The new chief scientific officer of the Crohn’s and Colitis Foundation talked about the search for what triggers the chronic inflammation of Crohn’s disease and ulcerative colitis.
Second of five parts
There’s no question that Crohn’s disease and ulcerative colitis are characterized by chronic inflammation affecting the digestive tract that can wreak health-altering havoc in its sake.
“The big question has always been, why is that it there?” says Alan Moss, M.D., the newly appointed chief scientific officer of the Crohn’s & Colitis Foundation and director of the Crohn’s and Colitis Program at Boston Medical Center.

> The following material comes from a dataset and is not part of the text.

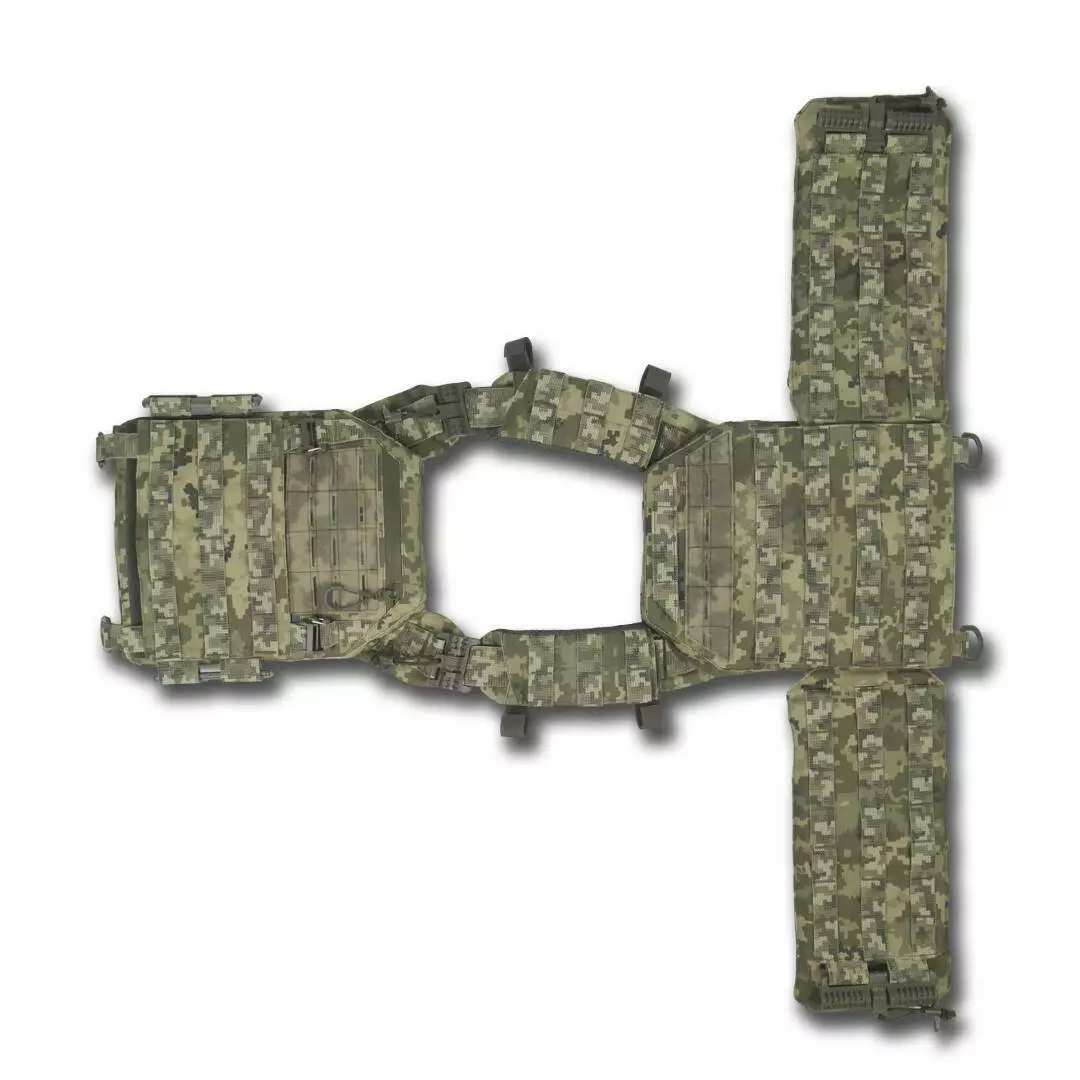 Плитоноска оснащена съемной передней Molle панелью, которая крепится к основанию на Velcro и дополнительно двумя карабинами Woojin. На ней удобно размещаются 3 итога под 1 или два магазина, или другое Molle-совместимое снаряжение. Эту панель можно быстро заменить другой с закрёклым на нее заранее набором нужных итогов.

In a recent interview with Managed Healthcare Executive, Moss discussed the evolving understanding of the source of inflammatory bowel disease, an umbrella term for Crohn’s disease and ulcerative colitis. Researchers have ventured beyond inflammation to consideration and study of the possible role of that the microbiota, the vast numbers of microorganisms that live in the gut. Researchers have also explored diet and nutrition; Moss has conducted studies looked at the relationship of vitamin D to inflammatory bowel disease.
But how do these possible causal factors all fit together? Moss told MHE that is still a huge unknown.
“There are clearly so many parts here,” Moss said, referring to the cause of inflammatory bowel disease. “Diet is clearly part of it, microbiota is part of it, fungi are part of it, your genetic response is part of it, how you regulate (epithelial) cells is part of it. They are all in there. No one has figured out the sequence.”